Hi everybody. I am new around here,must say nice forum. I have a huge dilema. Here in my country I can get a B 42 with full cosmo set at about 1550e, and at about 2500e Speedy Proff. Now what should I do. Is Fortis that god for that amount of cash,or is it worth to go that 1000e more for Speedy. Trust me I know everything about Speedy, but B 42 is so nice watch to me. And I don't know that much about it. Is 7750 Top grade in it or not,and does it mean anything if not. Thanks a lot in advance,chears Nikola


----------



## nikola0406

No one


----------



## heb

nikola0406 said:


> Hi everybody. I am new around here,must say nice forum. I have a huge dilema. Here in my country I can get a B 42 with full cosmo set at about 1550e, and at about 2500e Speedy Proff. Now what should I do. Is Fortis that god for that amount of cash,or is it worth to go that 1000e more for Speedy. Trust me I know everything about Speedy, but B 42 is so nice watch to me. And I don't know that much about it. Is 7750 Top grade in it or not,and does it mean anything if not. Thanks a lot in advance,chears Nikola


Hello nikola,

Over the years I've had more luck--in terms of reliability and precision--with my 7750 equipped chronographs than I've had with those with the Lemania handwound movement used by the Omega Speedmaster Professional (and the Universal Geneve "Compax"). The Lemania movement's daily rates are all over the place; at least for me.

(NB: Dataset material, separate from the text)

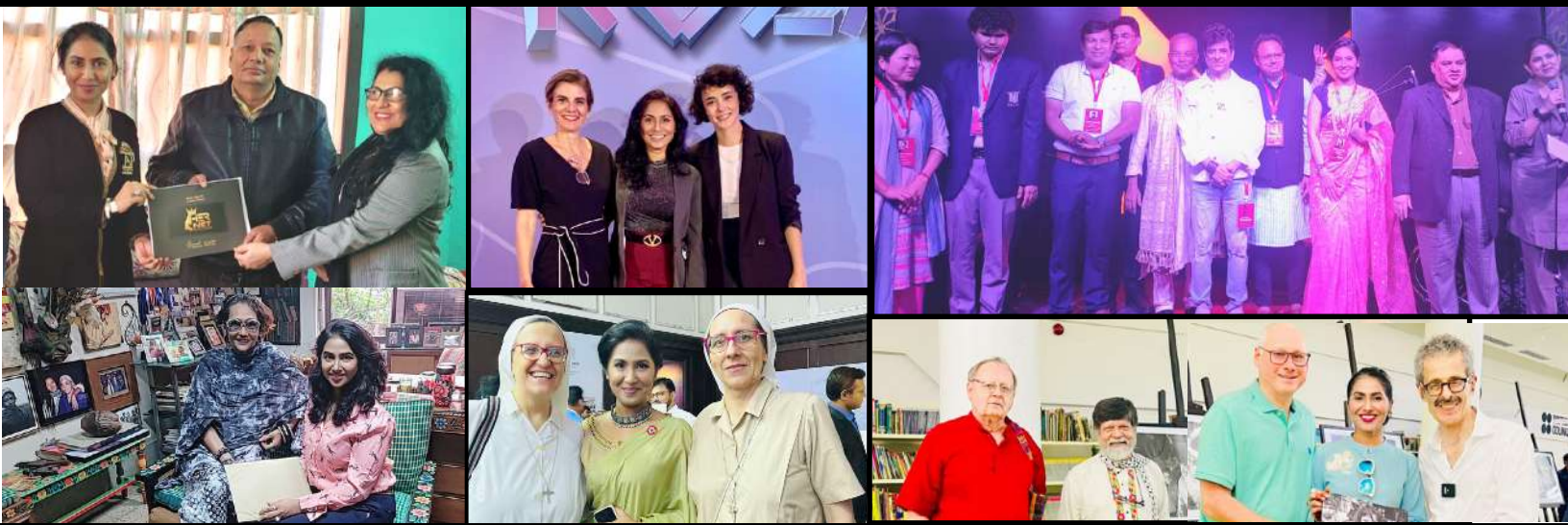
With Education Minister of Nepal, At Turkey Women Fashion show Gala, At Ted Talk stage with speakers, (Bellow) International Fashion Designer BIBI Russel, NUN from UK Mission, Delegate meeting with the president at Pristina

The 7750 is not without occasional problems, that's for sure--hour counter that doesn't stop counting and hands that don't line up during reset. But on the whole, I would prefer the Fortis for my everyday wear chronograph wristwatch.

Fortis does not use Top Grade 7750 movements in their chronographs based on their gold plated, nickle balance wheels vs glycudur used in the Top grades. Does this make a difference? Absolutely. Top grade 7750 movements contain a number of component upgrades and are adjusted to finer daily rate tolerances. However, a well adjusted Standard Grade 7750 is probably more accurate than just about any non-chronometer rated, non-chronograph movement out.

Good luck,
heb

PS. I bet you will get the Speedmaster Professional.


----------



## nikola0406

Hahaha thanks, I ll try to get a Speedy but the price is a big issue, but that is the watch I want since I was 16, sooooo. I am still undecided. But Fortis is great value for that ammount of many isnt it. Thanks again


----------



## whifferdill

I love Fortis but am not a fan of the 7750 with its distinct 'wobble', though as heb says it's a very accurate movement. I also feel that the B42 range are a little over bulky and the size and weight of the Speedmaster seem 'just right'.

It's an expensive piece to be used as a daily beater but despite its quite refined looks it's a tough watch and will handle most things except diving, where the B42 will. 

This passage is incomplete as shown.